=== Section Start ===

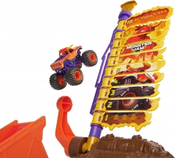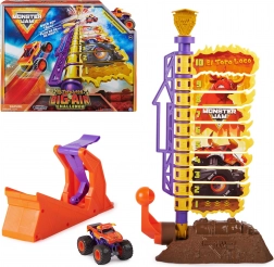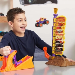 Installez le lanceur, visez et propulsez votre camion EL TORO LOCO vers les hauteurs. La tour de score avec niveaux numérotés montre instantanément jusqu’où vous êtes monté – atteignez le sommet et profitez d’un “feu d’artifice” spectaculaire. Grâce aux 5 angles réglables du lanceur, basculez facilement entre hauteur et distance de saut pour améliorer vos performances.
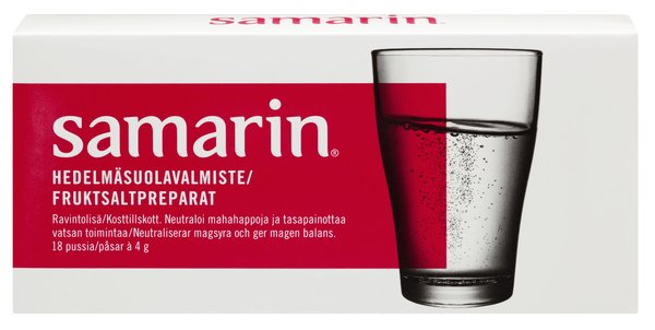 Samarin on virkistävä hedelmäsuolajauhe kiireisiin päiviin, kun ateriarytmisi on epäsäännöllinen tai kun olet ylensyönyt. Se sisältää luontaisia hedelmäsuoloja.
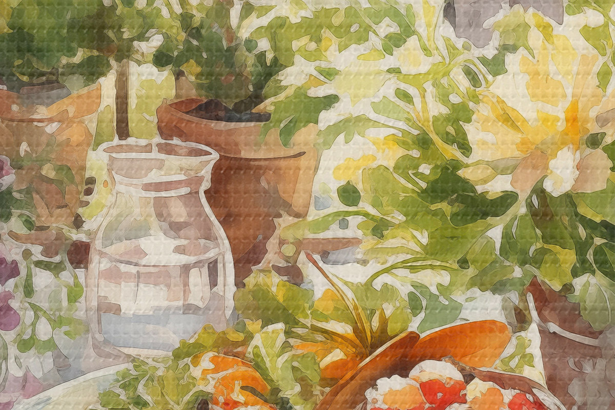 Picturi rotunde Cină romantică cu vedere la oraș, acuarelă, flori r41168
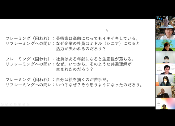 今あるとらわれを考え、その対極にあるリフレーミングしたものを思い描いたとき、冒頭、メンバーそれぞれが語った「創造性」という言葉から想起した以下の言葉に繋がっている感覚が共有できました。
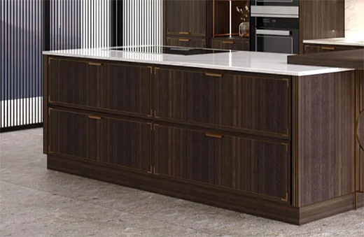 在轉(zhuǎn)角臺的設(shè)計中,經(jīng)典中式門型設(shè)計加上金色拉手和角花,濃郁的中式元素將中式風格的底蘊發(fā)揮得淋漓盡致。白色的巖板和臺面搭配別具韻味的多種中式元素,絲毫不會讓人覺得怪異,只會覺得設(shè)計得恰到好處!
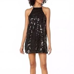 • halter neckline • above the knee length • fully lined • abolone shell button closure detail • relaxed fit • black dress with black sequins

=== Section End ===

A word-for-word copy of the entries above is what is needed, without any images.

 Installez le lanceur, visez et propulsez votre camion EL TORO LOCO vers les hauteurs. La tour de score avec niveaux numérotés montre instantanément jusqu’où vous êtes monté – atteignez le sommet et profitez d’un “feu d’artifice” spectaculaire. Grâce aux 5 angles réglables du lanceur, basculez facilement entre hauteur et distance de saut pour améliorer vos performances.
 Samarin on virkistävä hedelmäsuolajauhe kiireisiin päiviin, kun ateriarytmisi on epäsäännöllinen tai kun olet ylensyönyt. Se sisältää luontaisia hedelmäsuoloja.
 Picturi rotunde Cină romantică cu vedere la oraș, acuarelă, flori r41168
 今あるとらわれを考え、その対極にあるリフレーミングしたものを思い描いたとき、冒頭、メンバーそれぞれが語った「創造性」という言葉から想起した以下の言葉に繋がっている感覚が共有できました。
 在轉(zhuǎn)角臺的設(shè)計中,經(jīng)典中式門型設(shè)計加上金色拉手和角花,濃郁的中式元素將中式風格的底蘊發(fā)揮得淋漓盡致。白色的巖板和臺面搭配別具韻味的多種中式元素,絲毫不會讓人覺得怪異,只會覺得設(shè)計得恰到好處!
 • halter neckline • above the knee length • fully lined • abolone shell button closure detail • relaxed fit • black dress with black sequins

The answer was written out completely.